Lysaer returned the artifact to Traithe, gentled by diffidence he had shown no one living. ‘I’m thankful for your offer to school my gift of light. But I see very clearly: a mage’s training is not my course to pursue. My part in confronting the Mistwraith is but the prelude to healing the rift between townborn and clansman. The greater good of Tysan must demand my total dedication.’

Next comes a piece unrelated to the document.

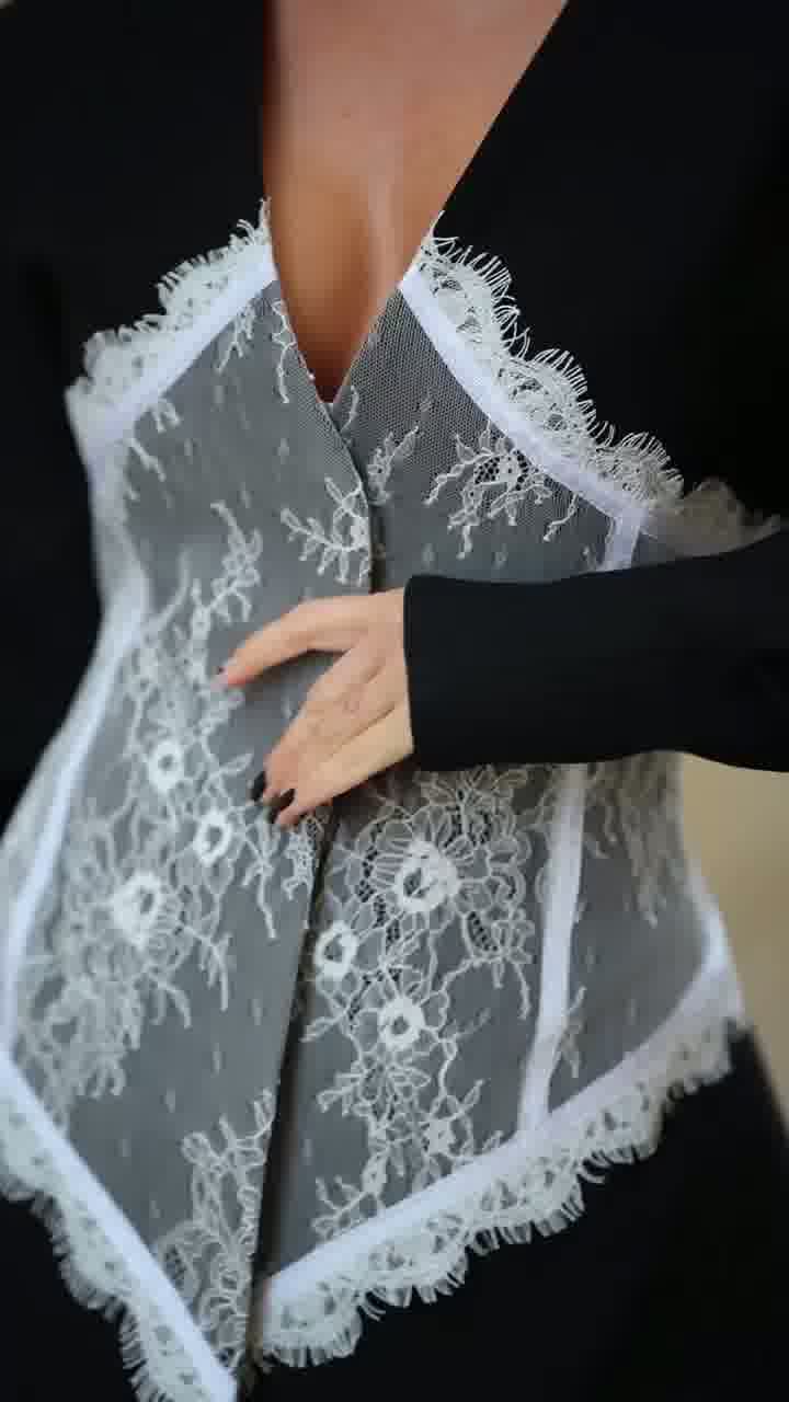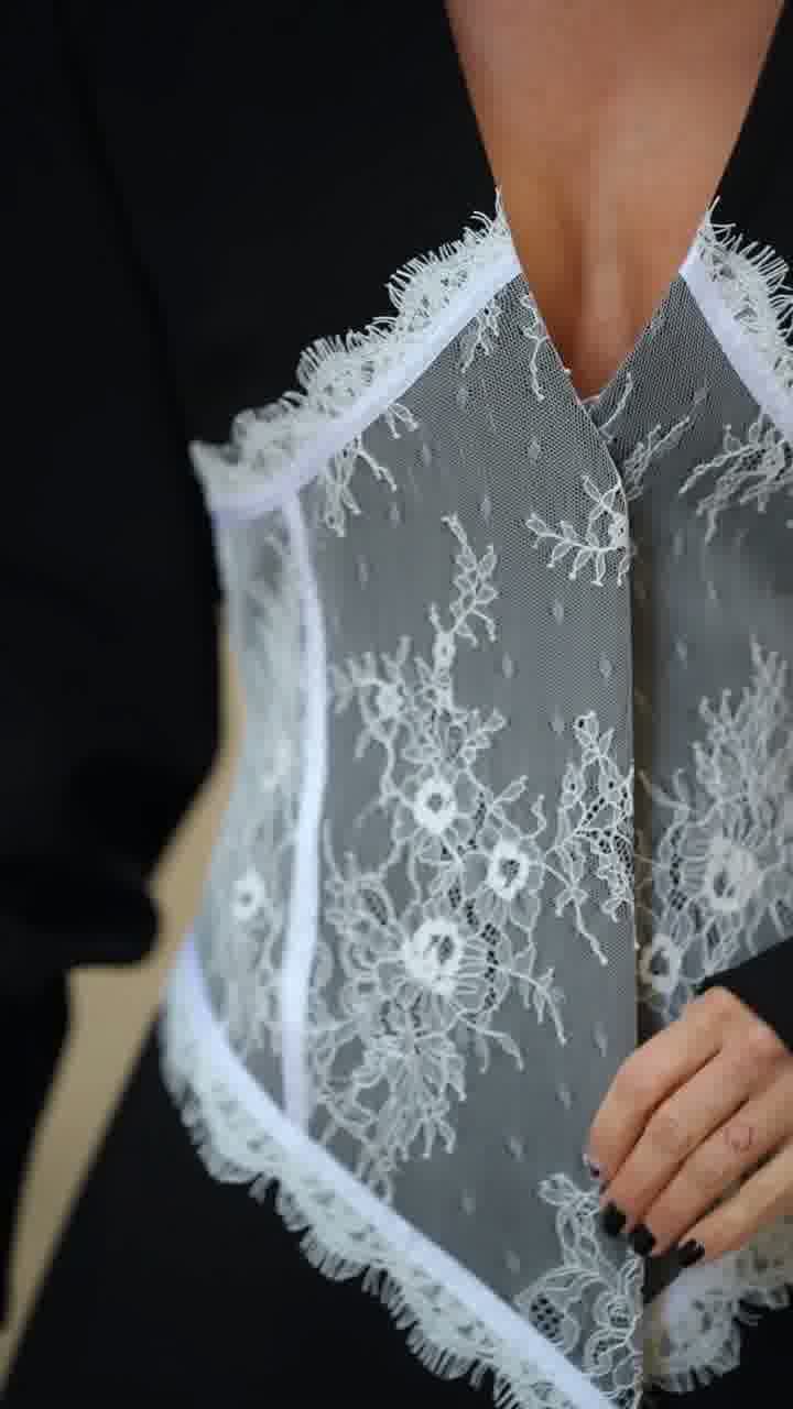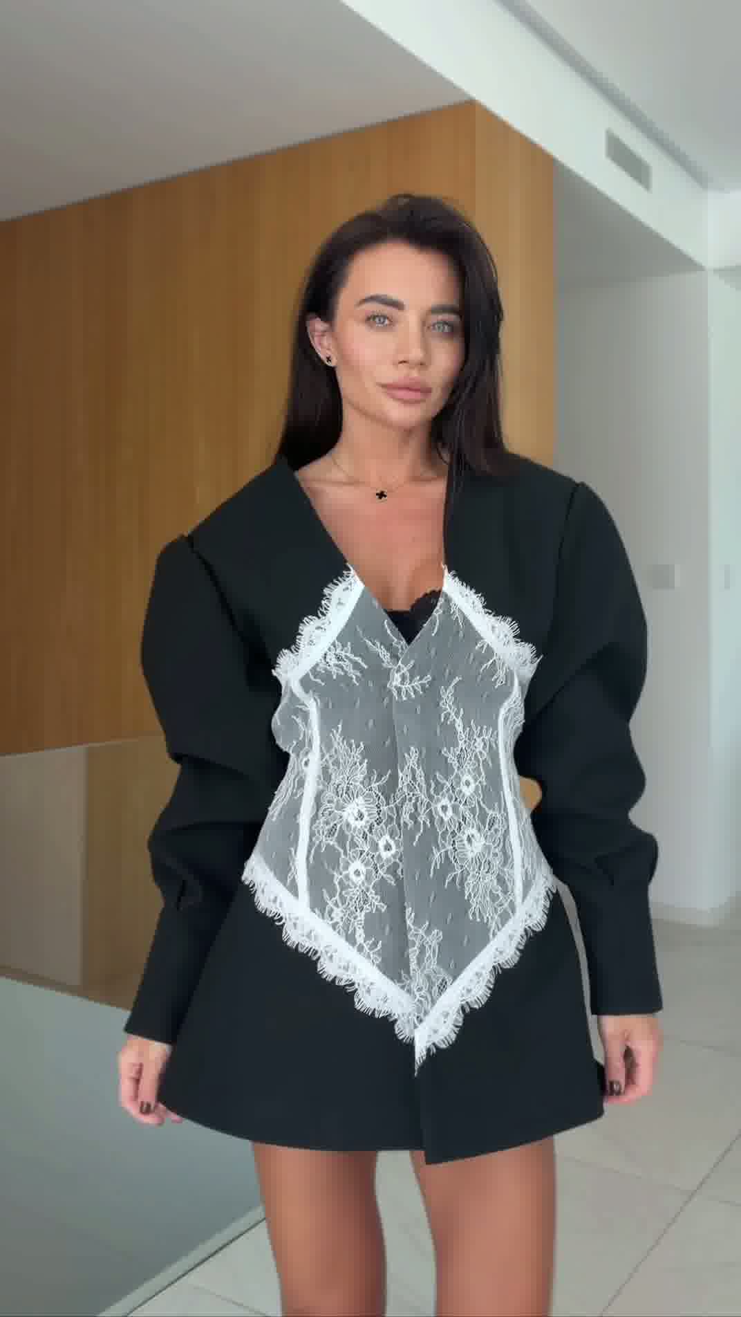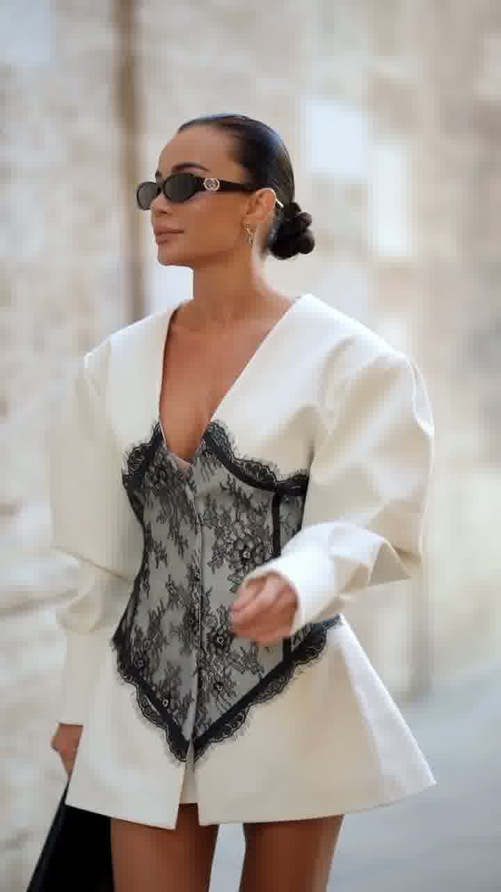 Elegancki model w fasonie marynarki, podkreślający talię dzięki kontrastowej koronkowej wstawce. Połączenie klasycznej formy z kobiecym, zmysłowym akcentem.

Struck by the depths of sincerity that prompted this prince’s self-sacrifice, Traithe closed his hands, quenching the blood-fire of the rubies. His sorrows as sorcerer compounded with fierce forebod
ing for the future spelled out by the strands. Like the Great Waystone the Koriani enchantresses ached to recover, the cache of sapphires that were the crown jewels of Tysan must remain in Sethvir’s trust at Althain. That this gently-reared descendant of Tysan’s kings, whose shining talent was inspired rule, should one day through the Mistwraith’s machination refute the fine intentions that now moved his mind and heart seemed an impossibly cruel twist of fate.
Harbingers
In the cold light of dawn, a dark horse with a black-clad rider canters south, for Ghent in the kingdom of Havish; beneath the hunting bow and traplines of a forester’s trade, he bears a concealed set of rubies and a circlet, while a raven swoops on a following breeze over his silver-banded hat…
High above land, outside even the coiling fogs of Desh-thiere, the discorporate sorcerer Kharadmon arrows east on the winds of high altitude, his intent to measure and map the power base of the governor’s council of Etarra…
Too obdurately frugal to hurry, Luhaine drifts west into Camris, bearing tidings and grave portents for Maenalle, Steward of Tysan…
X. DAON RAMON BARRENS
For a confirmed hedonist and established late riser, Dakar climbed Althain Tower’s central stair in suspiciously buoyant spirits. Enjoying the early hour without a hangover, he barged into the room where the half-brothers slept with a clang of the bar, and a shove that swung the oaken door to a thunderous boom against the stops.